In this context of corruption, drug trafficking and the pre-election reshuffling of elites, we should not expect much from Paraguay's April 21 ballot. Center-left parties have failed to form a united front, while Lugo's Guasú Party (FT) has been weakened by infighting. Lugo ran for the Senate as an FT candidate. In a country with a strong anti-communism streak, like Paraguay, the left camp, including its more moderate wing, always faces slim chances of success.
Horacio Cartes of the Colorado Party, or National Republican Action (Acción Nacional Republicana, ANR), is the obvious favorite. A successful millionaire businessman, he is popularly known as "Pablo Escobar Paraguayo."
Cartes is followed by the candidate for the Liberal Radical Authentic Party (Partido Liberal Radical Auténtico (PLRA)), Efraín Alegre. The 50-year-old man served as communications minister in the Lugo government.
Respected Paraguayan political analyst Euclides Acevedo argues that "the success of the April 21 elections will depend on the amount of money each of the candidates has." In this case, Cartes, with his abundant resources, stands the best chance of winning. As for his cultural level and mentality, they are succinctly captured in a recent statement: "If I find out one day that my son is gay, I'll shoot myself in the balls." But in a country mired in corruption, a person is rated not by intellect but by the ability to make money. Still, Cartes is facing all kinds of accusations about his past.

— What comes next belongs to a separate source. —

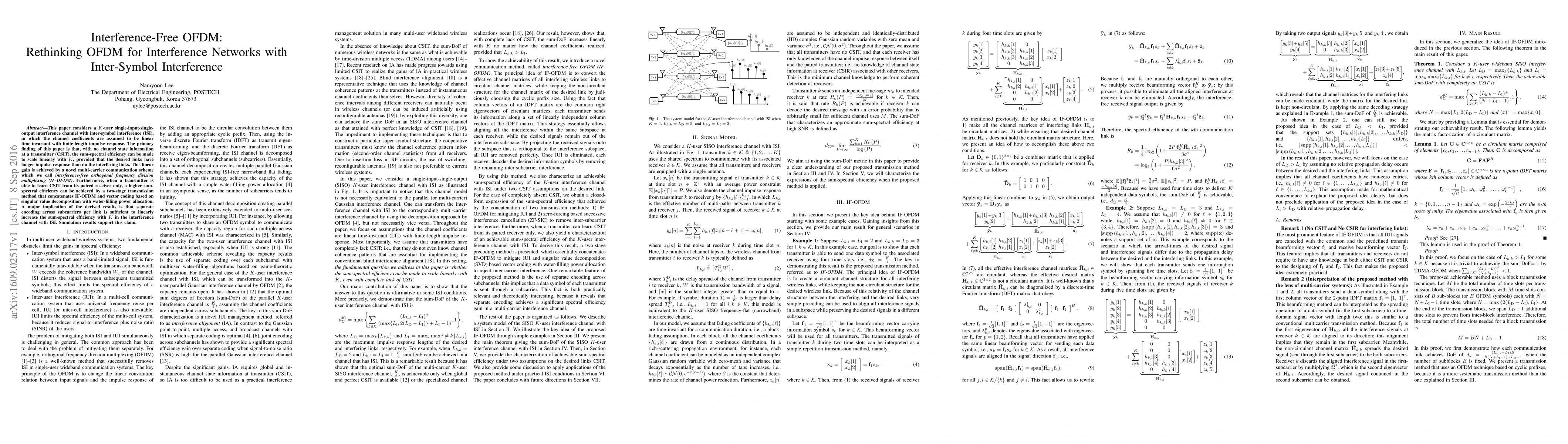 This paper proposes interference-free OFDM (IF-OFDM) to enhance sum-spectral efficiency in $K$-user interference networks with inter-symbol interference, achieving linear scaling with $K$ without channel state information. With limited CSIT, a two-stage method combining IF-OFDM and vector coding further boosts efficiency.

In 2000, the National Anti-Drug Secretariat (DEA) seized a small jet with 20,100 kilograms of cocaine and 348,850 kilograms of marijuana on board. The authorities later learned that the aircraft had been detained some three meters away from Cartes' property.
In 2010, WikiLeaks released a DEA cable on Operation Corazón de Piedra on the border between Brazil, Argentina, and Paraguay. In the cable, Cartes was referred to as "an observation target." DEA agents infiltrated his business, used for laundering large amounts of money in US dollars generated by the sale of drugs smuggled into North America across the Brazilian-Argentine-Paraguayan border. In 2012, Paraguay's judiciary received a complaint from the Brazilian cigarette factory Souza Cruz, which accused Cartes' tobacco company, Tabesa, of "flooding Brazil with illegal cigars." And the list of accusations goes on. But Paraguay's most popular man brushes them all off as "crazy."

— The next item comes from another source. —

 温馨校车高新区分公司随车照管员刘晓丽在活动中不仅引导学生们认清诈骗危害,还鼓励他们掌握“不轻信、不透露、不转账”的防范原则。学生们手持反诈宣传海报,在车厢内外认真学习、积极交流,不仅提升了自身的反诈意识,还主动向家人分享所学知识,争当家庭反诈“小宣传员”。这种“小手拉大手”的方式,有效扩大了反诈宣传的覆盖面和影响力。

Another politician under close scrutiny is the liberal candidate Aguirre, who served in the Lugo administration as communications minister from 2008 to 2011. Eventually, he was dismissed by the president on suspicions of embezzlement. Like Cartes, Aguirre has no political program, and his only election pledge is to create 5,000 jobs in agriculture. He is accused by the Colorado Party of accepting donations from transnationals and from Argentina and Uruguay. Those allegations were fueled by his recent meeting with Uruguayan President José Mujica, during which the two men reportedly discussed the possibility of selling off one of the Paraguayan airports.
With their strong connections in the US Congress and support from transnationals, the liberals look set to carry on with their policy of looting the country. However, they lack the financial resources of Cartes to buy off the talent. Cartes, for his part, is said to have paid his way into the ANR/Colorado Party, as well as for his status as a member with a long enough track record to run as a candidate, according to trade union leader Bernardo Rojas.
The famous Paraguayan author Augusto Roa Bastos once said: "In every nation, there exists a person that can singlehandedly compensate for the deficiencies of all their fellow countrymen. In moments when humanity finds itself in a state of decadence, such exceptional people are always turned to as a point of reference." One wonders why in Paraguay it's taking so long for this person to arrive.